===== Data to process =====

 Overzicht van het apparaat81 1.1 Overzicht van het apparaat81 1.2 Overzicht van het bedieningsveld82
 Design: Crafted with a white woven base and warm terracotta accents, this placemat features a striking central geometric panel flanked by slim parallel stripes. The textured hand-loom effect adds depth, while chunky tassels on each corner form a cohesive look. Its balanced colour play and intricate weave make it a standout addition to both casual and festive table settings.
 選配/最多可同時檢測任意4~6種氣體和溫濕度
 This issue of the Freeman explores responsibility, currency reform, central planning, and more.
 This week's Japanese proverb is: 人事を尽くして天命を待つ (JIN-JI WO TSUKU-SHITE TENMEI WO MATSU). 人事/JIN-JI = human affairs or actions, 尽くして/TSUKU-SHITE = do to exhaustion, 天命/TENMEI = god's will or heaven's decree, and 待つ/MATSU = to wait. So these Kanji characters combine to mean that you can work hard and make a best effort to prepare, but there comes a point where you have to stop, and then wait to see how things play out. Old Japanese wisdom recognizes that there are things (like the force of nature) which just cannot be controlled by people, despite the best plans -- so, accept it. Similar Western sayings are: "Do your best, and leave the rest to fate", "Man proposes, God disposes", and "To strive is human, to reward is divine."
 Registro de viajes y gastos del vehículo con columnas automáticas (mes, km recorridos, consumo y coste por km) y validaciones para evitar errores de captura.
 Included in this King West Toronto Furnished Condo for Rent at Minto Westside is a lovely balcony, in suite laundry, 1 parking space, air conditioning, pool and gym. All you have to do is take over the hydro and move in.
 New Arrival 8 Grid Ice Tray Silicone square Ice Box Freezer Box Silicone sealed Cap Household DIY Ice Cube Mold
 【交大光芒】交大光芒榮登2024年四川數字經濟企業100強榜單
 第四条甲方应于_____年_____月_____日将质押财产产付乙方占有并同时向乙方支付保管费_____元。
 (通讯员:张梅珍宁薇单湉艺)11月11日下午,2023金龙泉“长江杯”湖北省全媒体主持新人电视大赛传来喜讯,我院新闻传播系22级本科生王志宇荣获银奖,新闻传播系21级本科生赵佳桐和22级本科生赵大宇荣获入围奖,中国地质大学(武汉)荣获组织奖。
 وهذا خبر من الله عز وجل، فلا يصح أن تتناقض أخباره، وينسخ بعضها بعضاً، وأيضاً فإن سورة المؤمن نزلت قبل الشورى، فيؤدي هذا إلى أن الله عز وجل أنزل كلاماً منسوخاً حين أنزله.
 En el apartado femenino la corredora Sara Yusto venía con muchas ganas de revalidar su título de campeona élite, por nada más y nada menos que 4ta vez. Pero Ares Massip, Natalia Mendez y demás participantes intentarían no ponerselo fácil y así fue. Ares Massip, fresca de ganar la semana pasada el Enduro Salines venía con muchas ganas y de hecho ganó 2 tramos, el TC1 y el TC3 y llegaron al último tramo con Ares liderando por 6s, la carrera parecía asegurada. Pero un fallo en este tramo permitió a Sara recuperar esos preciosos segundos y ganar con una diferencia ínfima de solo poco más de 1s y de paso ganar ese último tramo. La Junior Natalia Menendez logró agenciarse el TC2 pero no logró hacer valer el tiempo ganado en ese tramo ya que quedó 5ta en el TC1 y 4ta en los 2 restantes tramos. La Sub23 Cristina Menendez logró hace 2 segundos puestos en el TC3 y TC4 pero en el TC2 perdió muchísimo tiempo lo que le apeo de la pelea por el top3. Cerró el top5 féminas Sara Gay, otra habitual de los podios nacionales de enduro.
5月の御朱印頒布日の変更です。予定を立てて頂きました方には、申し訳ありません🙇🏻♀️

=====

▶ Exercise prompt:
Where a line of the records above holds the word "central", count it; give the total as a single number and nothing else.

▶ Result for this exercise:
2